How do webhooks trigger agents?

Webhook triggers let external systems such as n8n, Zapier, Twilio, or custom apps invoke an agent via HTTP POST. You create a webhook trigger that defines query extraction (which field holds the message), context mapping, response formatting with optional message splitting, and a session strategy that can derive a stable session from fields like userId and companyId. Execution endpoints can authenticate via HMAC, API Key, or none, and support sync or async callback execution. See Webhook Triggers.

How does streaming work in Zihin?

Zihin uses Server-Sent Events (SSE) for real-time streaming. The LLM API streams token-by-token responses, and agent execution via POST /api/v2/agents/:agent_id/stream emits typed events such as metadata, status, phase, tool, thinking, response, metrics, and error. A separate live session stream lets you monitor executions in real time, and that stream closes automatically after 5 minutes or when the session finishes. See Streaming.

Is Zihin multi-tenant?

Yes. A tenant is a fully isolated workspace with its own users and roles, API keys, agents and configurations, usage quotas and billing, and telemetry data. Every API call is scoped to a tenant via the API key or the JWT x-tenant-id header, ensuring complete isolation between workspaces. See Core Concepts and the Multi-Tenant Setup guide.
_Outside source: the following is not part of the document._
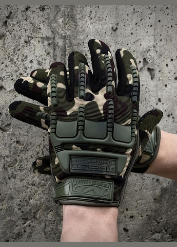 Тактичні рукавички захистять руки від вітру і прохолодного повітря. Зовнішня сторона виконана в комбінації синтетичної рельєфної тканини із синтетичним матеріалом, що нагадує нубук. На зовнішній стороні є додаткові м'які вставки для захисту кісточок руки. В області долонь нашити спеціальні м'які вставки для чіпкості, а також для пом'якшення тиску на долоню. На вказівному пальці передбачено вставку для користування сенсорним екраном вашого гаджета. Матеріал рукавичок злегка тягнеться, тобто на руці сидітиме в обтяжку. Манжет рукавички виконаний з неопрену (тягнеться та зберігає тепло). Фіксується рукавичка на зап'ясті липучкою. Характеристики: - Розмір L: Ширина долоні 10.5 см Довжина середнього пальця 9 см - Колір: камуфляж Колір товару може відрізнятися від кольору на зображенні
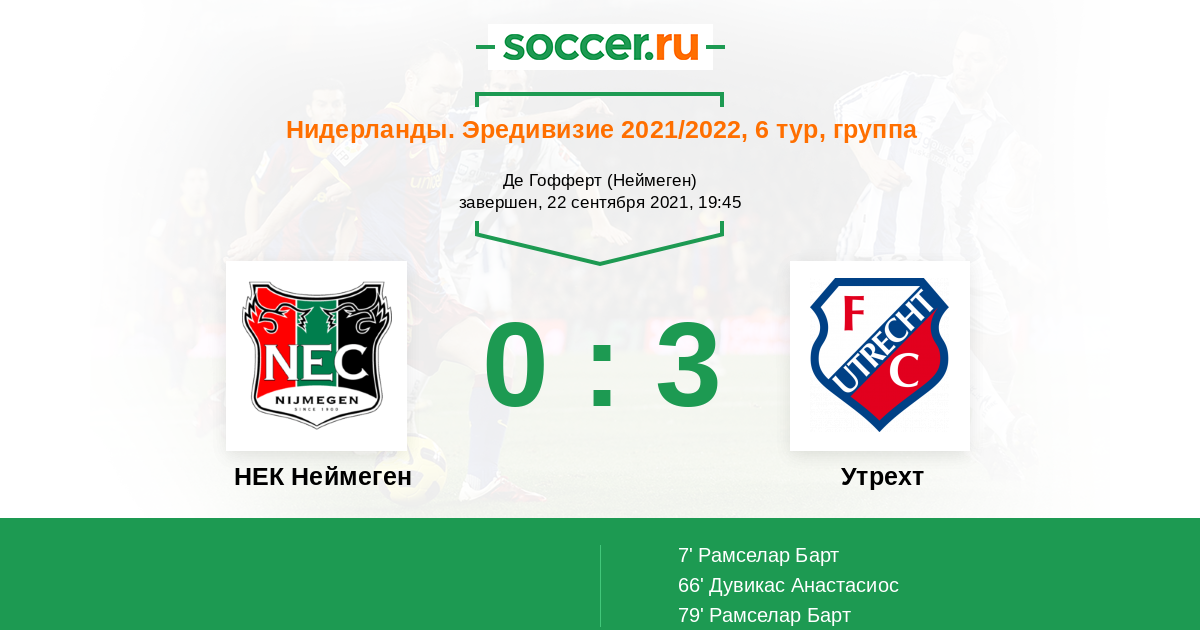 Протокол матча НЕК Неймеген против Утрехт

What are the rate limits and how do I handle them?

Rate limits depend on your plan: Free allows 10 requests per minute and 100 per day, Basic allows 60 per minute and 5,000 per day, Pro allows 300 per minute and 50,000 per day, and Enterprise is custom. Every response includes X-RateLimit-Limit, X-RateLimit-Remaining, and X-RateLimit-Reset headers. When you receive a 429 Too Many Requests, read the Retry-After header, wait that many seconds, and retry the request. See Rate Limits and Error Codes.